* ASSIGNMENT *
Only one span is wanted from the lines below: from the one with "周新宇向记者讲述他对该抗战题材教育类游戏的设想。中新网记者 李骏 摄" up to and including the one with "老師們精心布置的國潮風(fē". Copy it exactly, without images.

* DATASET ENTRIES *
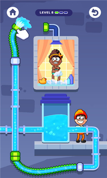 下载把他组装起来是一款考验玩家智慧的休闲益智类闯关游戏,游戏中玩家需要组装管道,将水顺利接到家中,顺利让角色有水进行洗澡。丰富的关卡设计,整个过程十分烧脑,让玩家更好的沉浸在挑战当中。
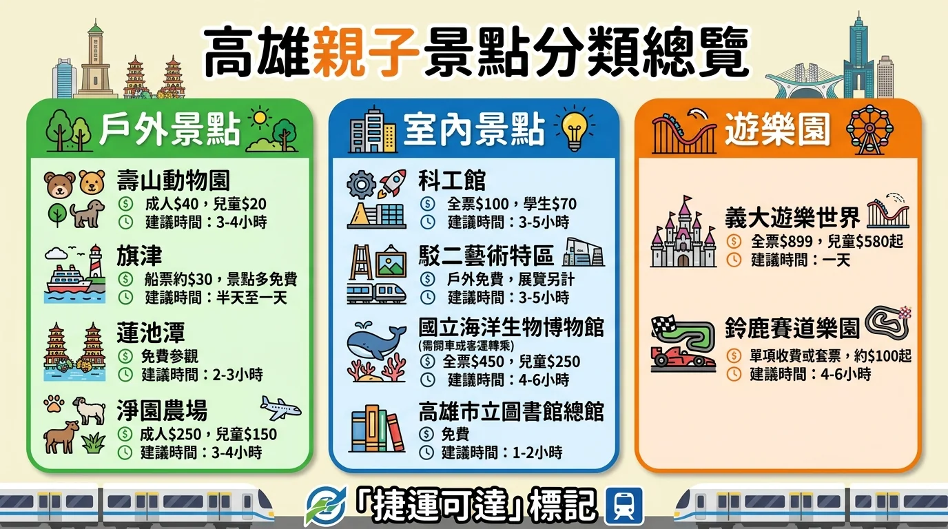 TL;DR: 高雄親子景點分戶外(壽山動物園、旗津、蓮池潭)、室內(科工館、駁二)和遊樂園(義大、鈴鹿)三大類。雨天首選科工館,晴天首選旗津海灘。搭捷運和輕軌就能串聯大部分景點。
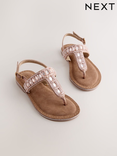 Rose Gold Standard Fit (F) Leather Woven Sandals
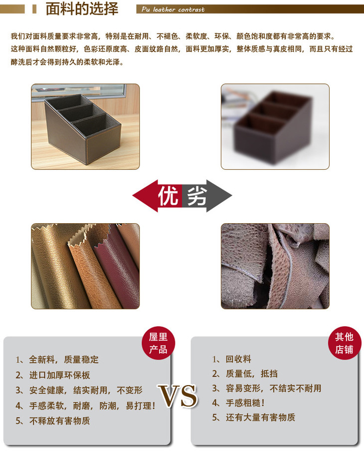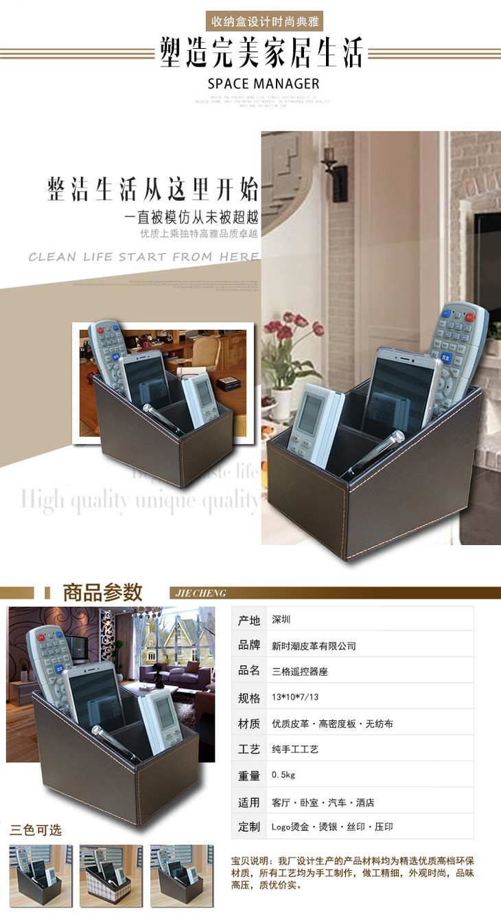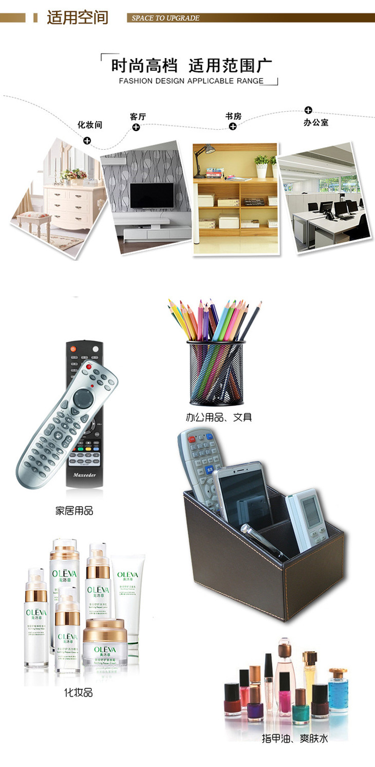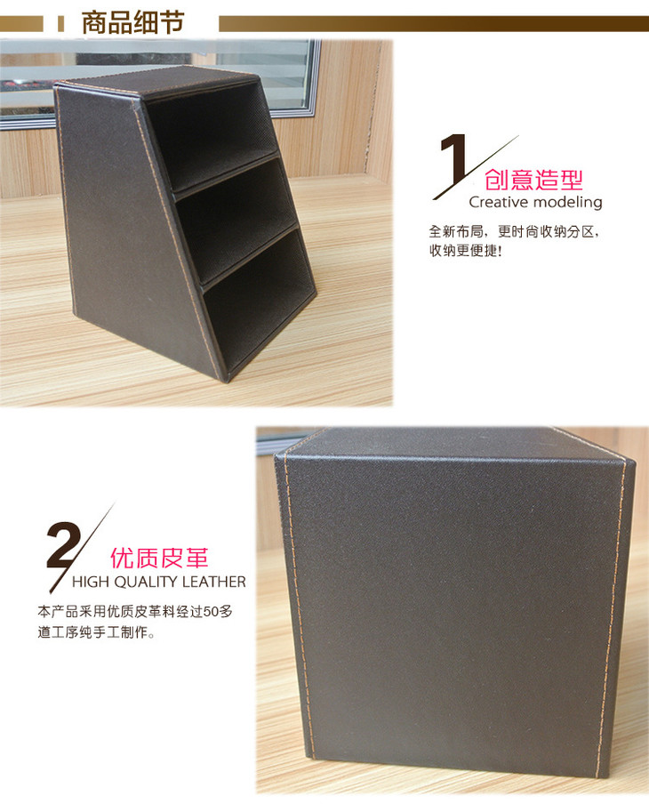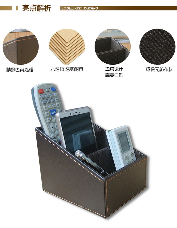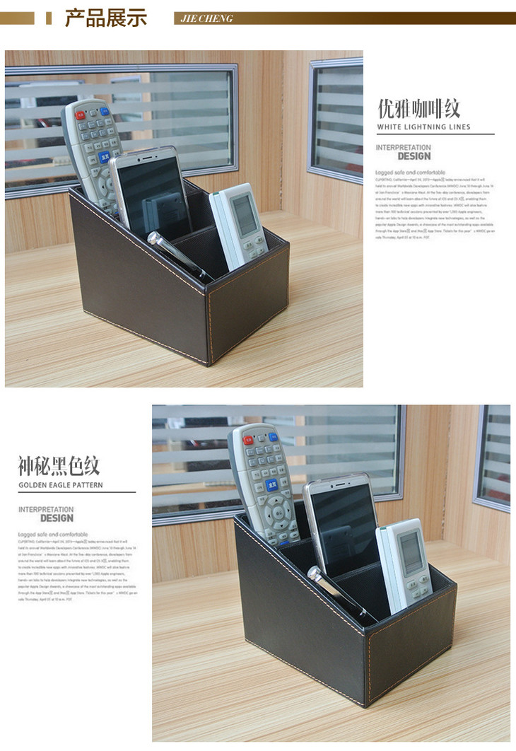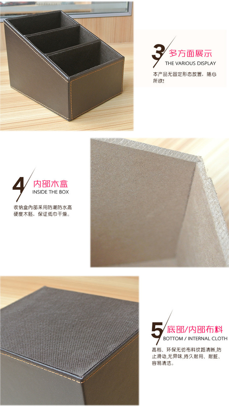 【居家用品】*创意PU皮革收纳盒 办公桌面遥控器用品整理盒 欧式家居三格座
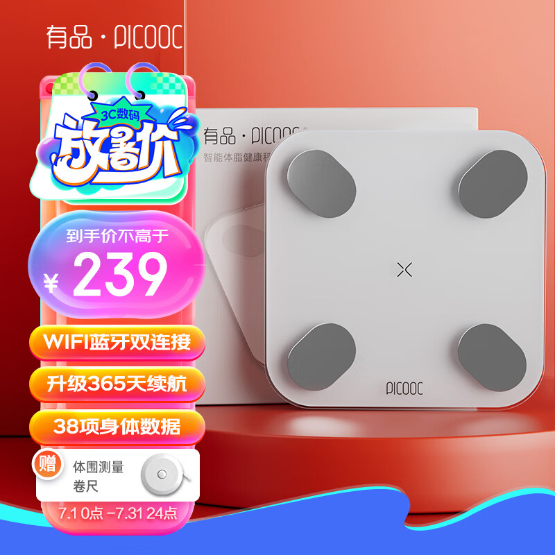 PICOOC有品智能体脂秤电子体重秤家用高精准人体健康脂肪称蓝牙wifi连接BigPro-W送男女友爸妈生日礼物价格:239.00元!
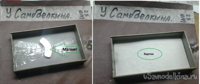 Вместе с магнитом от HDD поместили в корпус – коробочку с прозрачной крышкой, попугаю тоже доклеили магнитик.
...
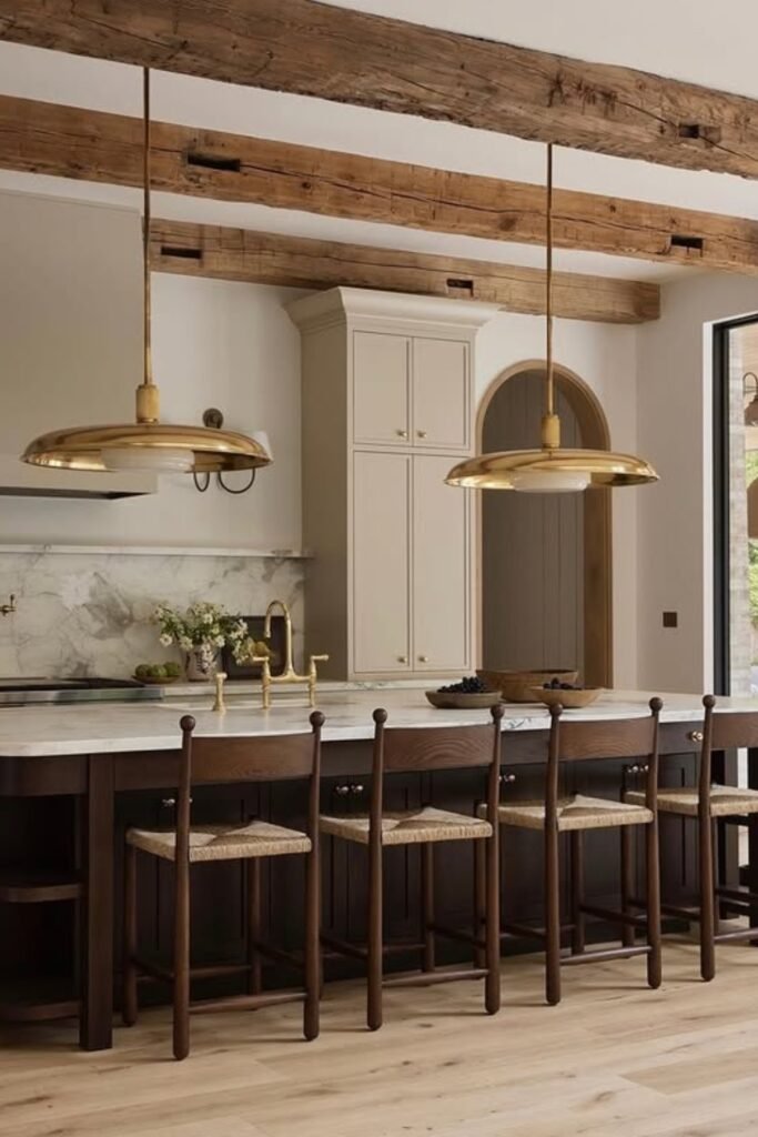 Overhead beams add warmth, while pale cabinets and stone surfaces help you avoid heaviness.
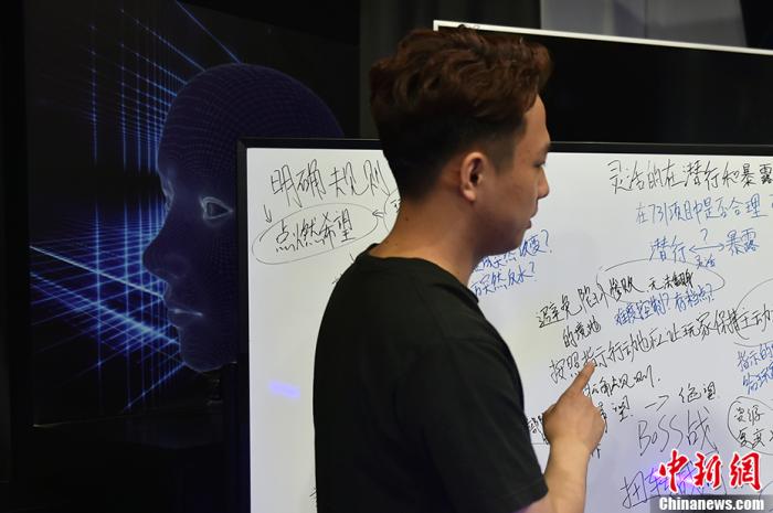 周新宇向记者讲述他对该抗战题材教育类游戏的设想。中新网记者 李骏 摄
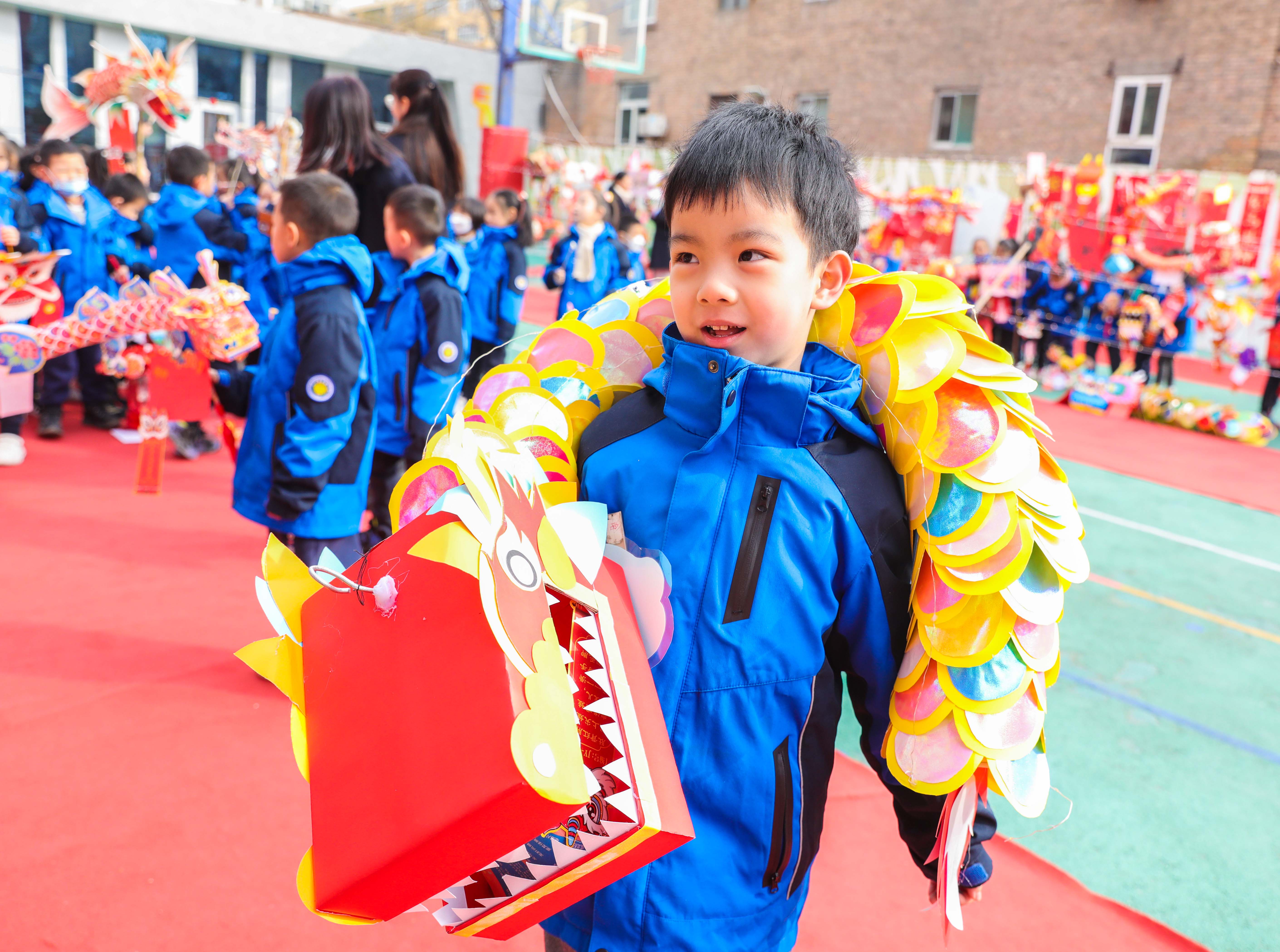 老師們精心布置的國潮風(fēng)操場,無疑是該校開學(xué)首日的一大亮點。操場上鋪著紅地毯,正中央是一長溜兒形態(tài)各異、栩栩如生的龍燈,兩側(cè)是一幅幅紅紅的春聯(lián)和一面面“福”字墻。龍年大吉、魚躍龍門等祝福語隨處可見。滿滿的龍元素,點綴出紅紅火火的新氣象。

* EXERCISE SOLUTION *
 周新宇向记者讲述他对该抗战题材教育类游戏的设想。中新网记者 李骏 摄
 老師們精心布置的國潮風(fēng)操場,無疑是該校開學(xué)首日的一大亮點。操場上鋪著紅地毯,正中央是一長溜兒形態(tài)各異、栩栩如生的龍燈,兩側(cè)是一幅幅紅紅的春聯(lián)和一面面“福”字墻。龍年大吉、魚躍龍門等祝福語隨處可見。滿滿的龍元素,點綴出紅紅火火的新氣象。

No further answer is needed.